8. A decoder-side method for outputting a plurality of audio channels of a sound program, the method comprising:

receiving a sum audio signal, a residual audio signal, a gain parameter, and a delay parameter;

adding the sum audio signal to the residual audio signal to produce a first combined signal;

computing a first difference between the sum audio signal and the residual audio signal, and subtracting the first combined signal from said first difference, to produce a second difference;

adjusting the first combined signal in accordance with the gain parameter and the delay parameter, to produce an adjusted audio signal, and combining the adjusted audio signal with the second difference to produce a second combined signal; and

outputting for playback i) the first combined signal as a first audio channel of the sound program, and ii) the second combined signal as a second audio channel of the sound program.

9. The method of claim 8 further comprising an encoder-side process in which a quantization noise level, generated by quantization of the sum audio signal, is controlled to be higher than a noise level generated by quantization of the residual audio signal.

10. A decoder-side method for outputting a plurality of audio channels of a sound program, the method comprising:

receiving a sum audio signal, a residual audio signal, and a gain parameter;

generating an inverse mixing matrix using the gain parameter;

performing a matrix multiplication using the inverse mixing matrix and the sum audio signal and the residual audio signal to produce a first result and a second result; and

outputting for playback the first result as a first audio channel of the sound program, and the second result as a second audio channel of the sound program.

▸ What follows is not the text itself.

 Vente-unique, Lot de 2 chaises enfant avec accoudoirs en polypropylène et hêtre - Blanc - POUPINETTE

11. The method of claim 10 wherein the inverse mixing matrix is a 2×2 matrix and does not include time-delay compensation.

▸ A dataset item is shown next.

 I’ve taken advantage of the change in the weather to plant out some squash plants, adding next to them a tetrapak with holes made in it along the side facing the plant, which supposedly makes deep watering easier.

12. The method of claim 10 wherein the inverse mixing matrix comprises

\frac{1}{1 + g^{2}} [\begin{matrix} 1 & g \\ g & - 1 \end{matrix}]

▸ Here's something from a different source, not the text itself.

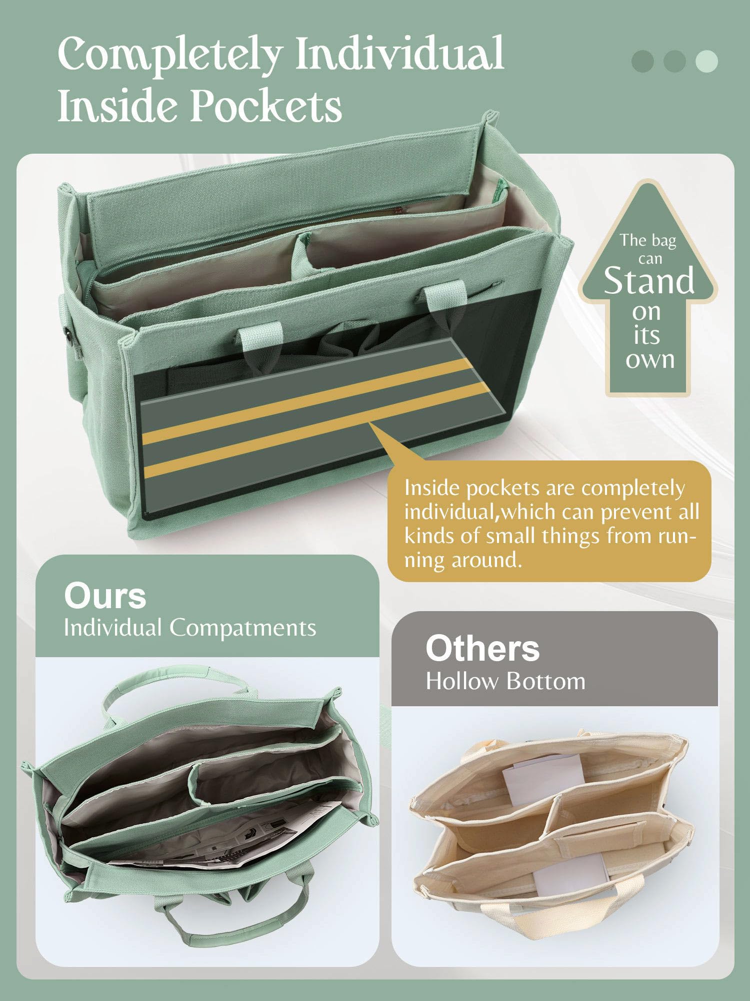 • Multi Individual Pockets: the tote purse features multi independent compartments, making it easy to organize your personal items. Besides, all dividers are sewn to the bottom to ensure you stay organized all day without worrying about items rolling around

where g is the gain parameter.

13. The method of claim 10 further comprising an encoder-side process of

generating a mixing matrix based on minimizing energy of the residual audio signal to reduce transmission bit rate, and without time-delay compensation; and

performing a matrix multiplication using the mixing matrix to produce the sum audio signal and the residual audio signal.

14. The method of claim 10 further comprising an encoder-side process of

generating a mixing matrix based on minimizing quantization noise when the residual audio signal is quantized prior to transmission to the decoder-side, and without time-delay compensation; and

performing a matrix multiplication using the mixing matrix to produce the sum and residual audio signals.

15. The method of claim 10 further comprising an encoder-side process of

generating a mixing matrix without time-delay compensation; and

performing a matrix multiplication using the mixing matrix to produce the sum audio signal and the residual audio signal, wherein the mixing matrix and the inverse mixing matrix are identical.

16. The method of claim 10 further comprising:

receiving from an encoder side process a bitstream that contains the sum audio signal, the residual audio signal, and an index of a quantized gain parameter; and

using the index to access a table of gain parameter values and thereby obtain a gain parameter value,

wherein generating the inverse mixing matrix using the gain parameter comprises using the gain parameter value obtained from the table.

17. The method of claim 16 wherein the sum audio signal, the residual audio signal, and the gain parameter are in sub-band domain, and the bitstream comprises

a repeat count that indicates a number of sub-bands to which a current value of the index is to be applied by a decoder-side process.

18. The method of claim 17 wherein the bitstream further comprises an all remaining flag which is an integer larger than a total number of sub-bands that define the sub-band domain.

19. The method of claim 16 wherein the index of the quantized gain parameter in the bitstream has been variable length coded.

20. The method of claim 16 wherein the table of gain parameter values comprises Table 3.